Task requirements.
Only the text of the records belongs in the answer, copied exactly, with every picture omitted.
Exercise data below:
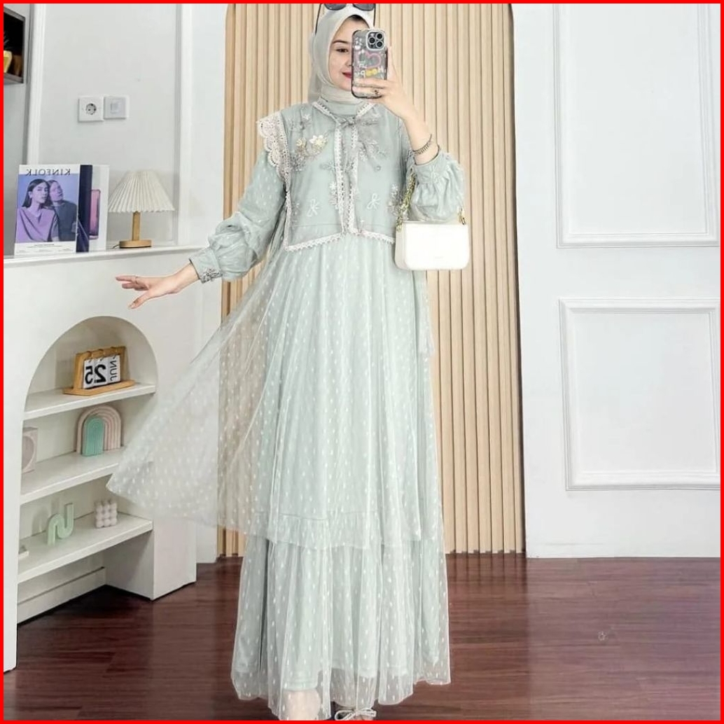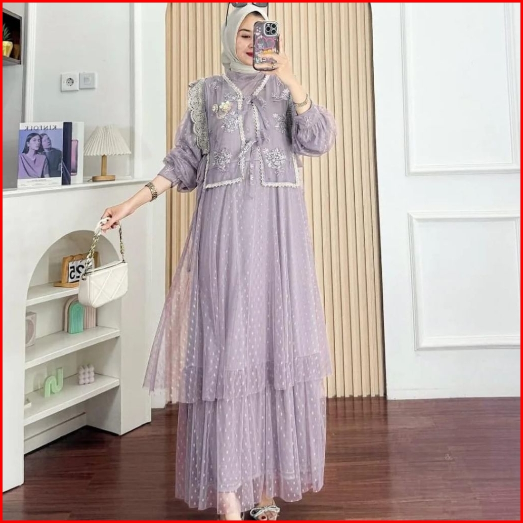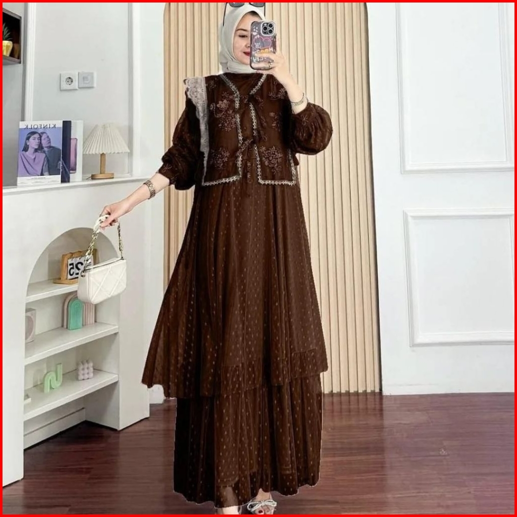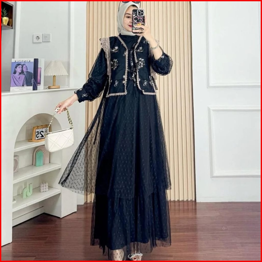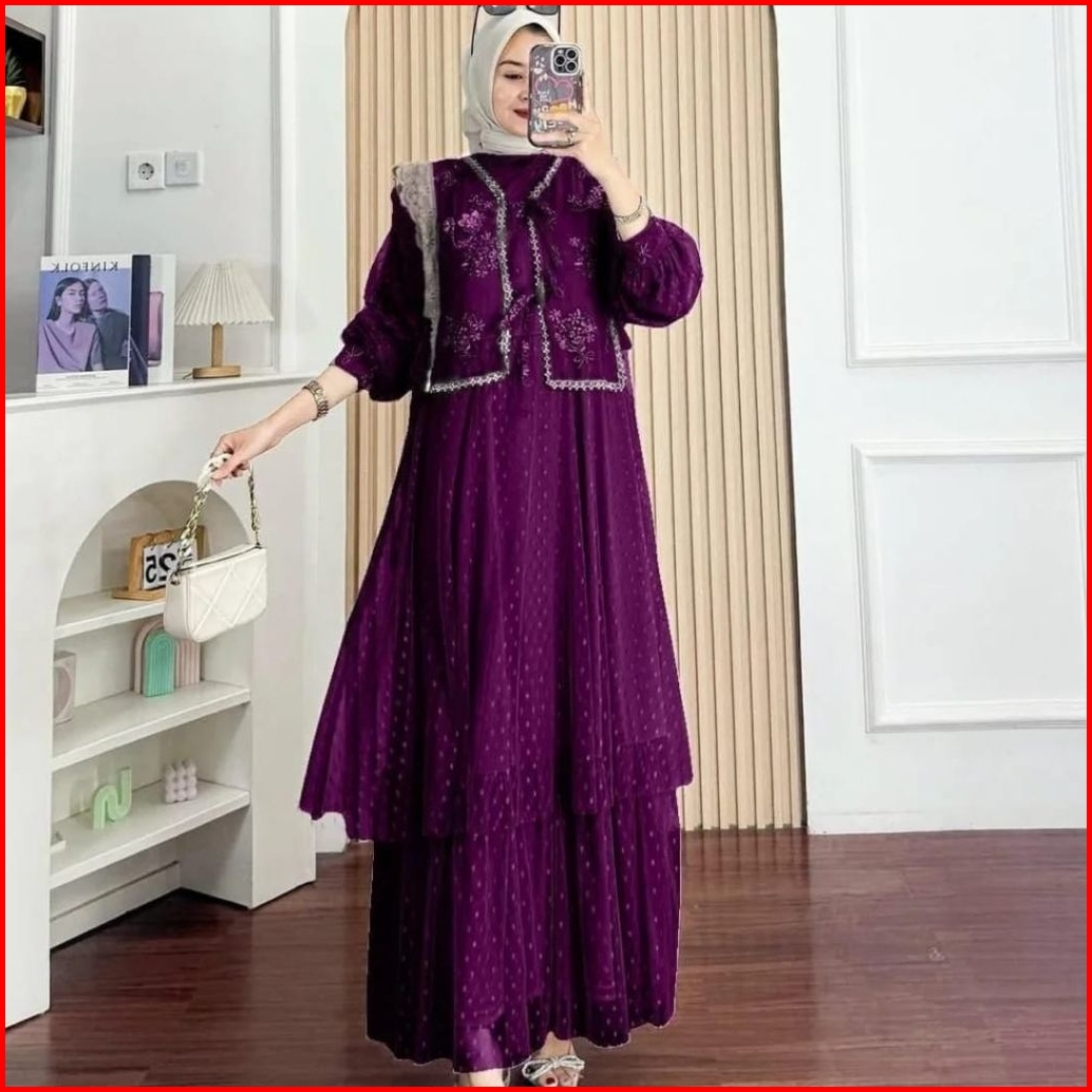 Sella Dress Gamis Burkat Mewah Elegan Dress Wanita Pesta Kondangan Rompi Bahan Premium Lembut
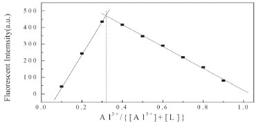 Job's plot For further determination of stoichiometry between L and M3+, Job's plot analyses were used. The total concentration of L and M3+ in each sample was 20 µmol L-1, in the experimental process, the concentration of L and M3+ changed correspondingly. In Figure 6, the plot of fluorescence intensity versus [Al3+]/[Al3++L] showed the maximum fluorescence value was 0.33, which indicated that the 2:1 stoichiometry between L and M3+ in ethanol solution. Similar results were also found for Cr3+ and Fe3+ (Figure 7S and 8S, Supporting Material).
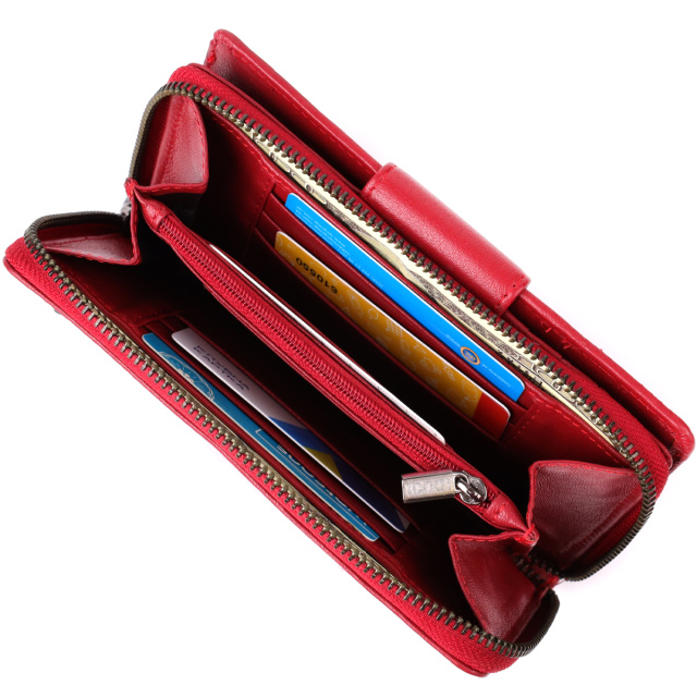 Яркое портмоне Tony Perotti красного цвета выполнено из натуральной телячьей кожи и отличается продуманной организацией внутреннего пространства. Модель рассчитана на хранение купюр в разложенном виде, что обеспечивает дополнительный комфорт в использовании. Качественная брендированная фурнитура подчёркивает премиальный уровень изделия, а классический дизайн делает портмоне универсальным аксессуаром и отличным подарком для женщины.
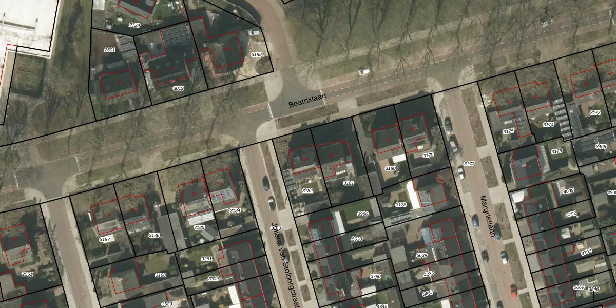 Beatrixlaan 34 is gelegen op kadastraal perceel WEE01S3182. Deze kadastrale aanduiding is uniek en wordt gebruikt door het Kadaster om eigendomsrechten en andere zakelijke rechten vast te leggen. Het perceel maakt onderdeel uit van de kadastrale gemeente Weert.
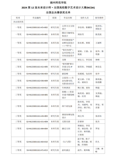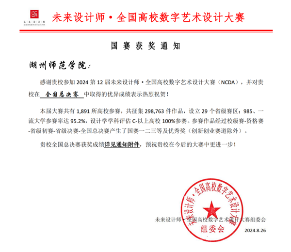 近日,2024年(第十二届)未来设计师·全国高校数字艺术设计大赛(NCDA)全国总决赛结果揭晓。我校学生获得国家级奖项16项,其中一等奖4项,二等奖4项,三等奖8项;获浙江赛区(省级)奖项99项,其中一等奖25项,二等奖30项,三等奖44项。教师组比赛,我校获得浙江赛区(省级)二等奖1项,三等奖1项。
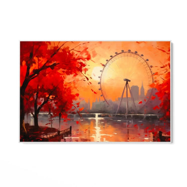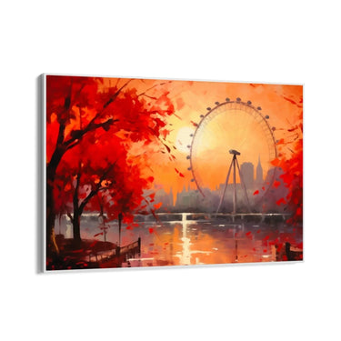 Il quadro "Paesaggio Intangibile" è una straordinaria stampa su tela che cattura l'essenza di un tramonto urbano. La scena rappresenta una ruota panoramica imponente, probabilmente il London Eye, che si staglia contro un cielo infuocato al tramonto.
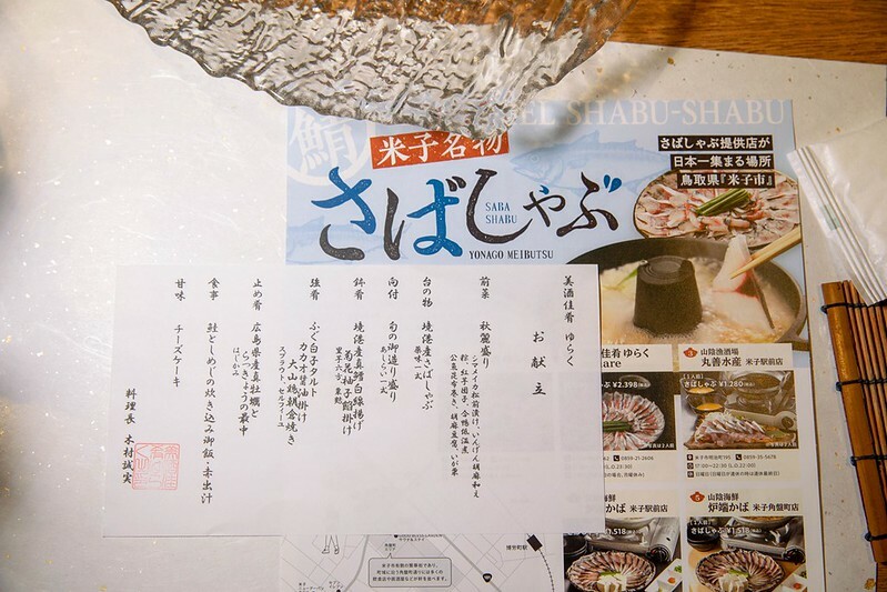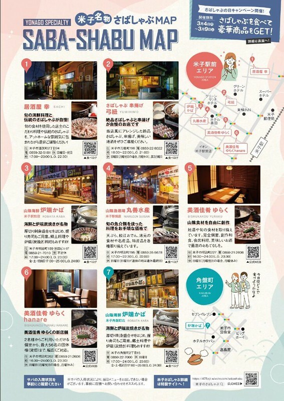 第三樣「鳥取鯖魚三大料理」是這幾年米子紅紅火火的「さばしゃぶ」(鯖魚涮涮鍋),還搞出個さばしゃぶ日(3月8日),甚至每年的前後還推出「さばしゃぶ」祭,日本人就是會(笑),於是有了這張「さばしゃぶ日地圖」,基本上這幾家有さばしゃぶ店都在米子車站周邊,今年就來分享第一家「美酒佳肴ゆらく」。
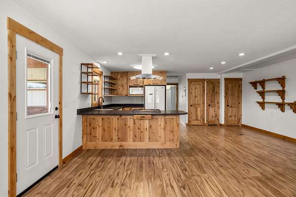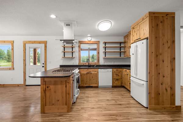Hard-to-find mix of residential living with a 1,440 sq. ft. attached garage/shop! This 3-bedroom, 3-bathroom home is comprised of 2 master suites, and a bedroom/bathroom in the shop for private guest quarters. The shop includes 12-ft' ceilings, a deep bay with a workbench, and ample loft storage. Two separate entrances for ease of access. A recent remodel includes new siding, updates to the general interior, and an added master suite with private access to a new outdoor patio with pergola, equipped with plumbed-in gas for BBQ and fire pit-perfect for entertaining and enjoying the quiet and pristine views and wildlife! This property was recently a fully booked vacation rental. Situated on over 2.5 acres of landscaped property, with underground sprinklers, and an RV pad with electric and sewer dump to accommodate seasonal guests. Also included, a large storage shed built to match the main residence. Minutes from town but feels like rural living, paved access and direct entry to the Rails to Trails path for walking and biking. Central access to all that the Flathead Valley recreation has to offer-Glacier Park International Airport, Whitefish Mountain, Glacier Park, Flathead Lake, just to name a few. This property is nestled amongst properties of much higher value on large parcels, near Ashley Creek. It's a gem! Listing agent related to seller.
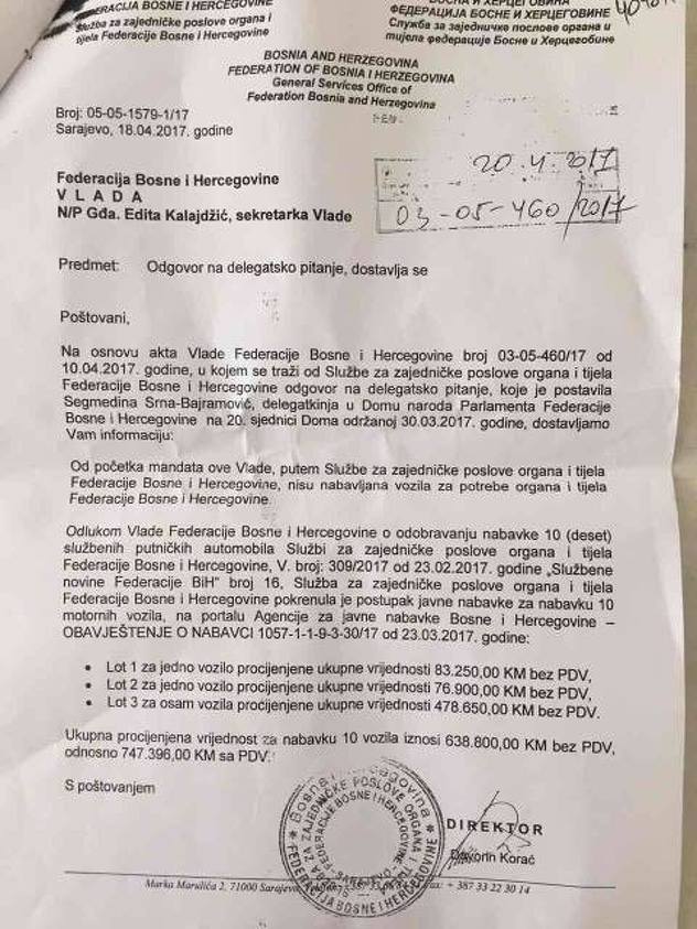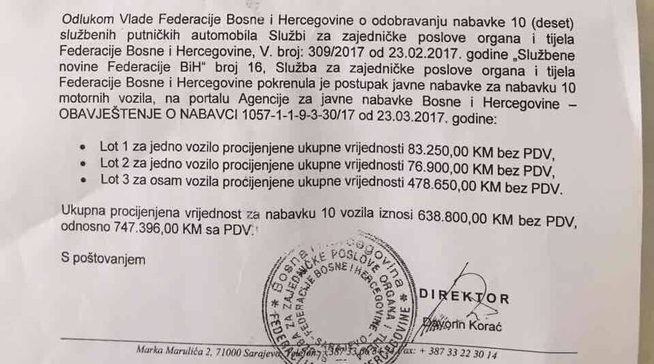 Tačnije, riječ je o postupku kojeg je Vlada Federacije BiH pokrenula prije više od dva mjeeca, odnosno 23. februara 2017., a kroz odobravanje nabavke deset službenih putničkih automobila Službi za zajedničke poslove organa i tijela FBiH.
End of Exercise data.
Result below.
 Sella Dress Gamis Burkat Mewah Elegan Dress Wanita Pesta Kondangan Rompi Bahan Premium Lembut
 Job's plot For further determination of stoichiometry between L and M3+, Job's plot analyses were used. The total concentration of L and M3+ in each sample was 20 µmol L-1, in the experimental process, the concentration of L and M3+ changed correspondingly. In Figure 6, the plot of fluorescence intensity versus [Al3+]/[Al3++L] showed the maximum fluorescence value was 0.33, which indicated that the 2:1 stoichiometry between L and M3+ in ethanol solution. Similar results were also found for Cr3+ and Fe3+ (Figure 7S and 8S, Supporting Material).
 Яркое портмоне Tony Perotti красного цвета выполнено из натуральной телячьей кожи и отличается продуманной организацией внутреннего пространства. Модель рассчитана на хранение купюр в разложенном виде, что обеспечивает дополнительный комфорт в использовании. Качественная брендированная фурнитура подчёркивает премиальный уровень изделия, а классический дизайн делает портмоне универсальным аксессуаром и отличным подарком для женщины.
 Beatrixlaan 34 is gelegen op kadastraal perceel WEE01S3182. Deze kadastrale aanduiding is uniek en wordt gebruikt door het Kadaster om eigendomsrechten en andere zakelijke rechten vast te leggen. Het perceel maakt onderdeel uit van de kadastrale gemeente Weert.
 近日,2024年(第十二届)未来设计师·全国高校数字艺术设计大赛(NCDA)全国总决赛结果揭晓。我校学生获得国家级奖项16项,其中一等奖4项,二等奖4项,三等奖8项;获浙江赛区(省级)奖项99项,其中一等奖25项,二等奖30项,三等奖44项。教师组比赛,我校获得浙江赛区(省级)二等奖1项,三等奖1项。
 Il quadro "Paesaggio Intangibile" è una straordinaria stampa su tela che cattura l'essenza di un tramonto urbano. La scena rappresenta una ruota panoramica imponente, probabilmente il London Eye, che si staglia contro un cielo infuocato al tramonto.
 第三樣「鳥取鯖魚三大料理」是這幾年米子紅紅火火的「さばしゃぶ」(鯖魚涮涮鍋),還搞出個さばしゃぶ日(3月8日),甚至每年的前後還推出「さばしゃぶ」祭,日本人就是會(笑),於是有了這張「さばしゃぶ日地圖」,基本上這幾家有さばしゃぶ店都在米子車站周邊,今年就來分享第一家「美酒佳肴ゆらく」。
Hard-to-find mix of residential living with a 1,440 sq. ft. attached garage/shop! This 3-bedroom, 3-bathroom home is comprised of 2 master suites, and a bedroom/bathroom in the shop for private guest quarters. The shop includes 12-ft' ceilings, a deep bay with a workbench, and ample loft storage. Two separate entrances for ease of access. A recent remodel includes new siding, updates to the general interior, and an added master suite with private access to a new outdoor patio with pergola, equipped with plumbed-in gas for BBQ and fire pit-perfect for entertaining and enjoying the quiet and pristine views and wildlife! This property was recently a fully booked vacation rental. Situated on over 2.5 acres of landscaped property, with underground sprinklers, and an RV pad with electric and sewer dump to accommodate seasonal guests. Also included, a large storage shed built to match the main residence. Minutes from town but feels like rural living, paved access and direct entry to the Rails to Trails path for walking and biking. Central access to all that the Flathead Valley recreation has to offer-Glacier Park International Airport, Whitefish Mountain, Glacier Park, Flathead Lake, just to name a few. This property is nestled amongst properties of much higher value on large parcels, near Ashley Creek. It's a gem! Listing agent related to seller.
 Tačnije, riječ je o postupku kojeg je Vlada Federacije BiH pokrenula prije više od dva mjeeca, odnosno 23. februara 2017., a kroz odobravanje nabavke deset službenih putničkih automobila Službi za zajedničke poslove organa i tijela FBiH.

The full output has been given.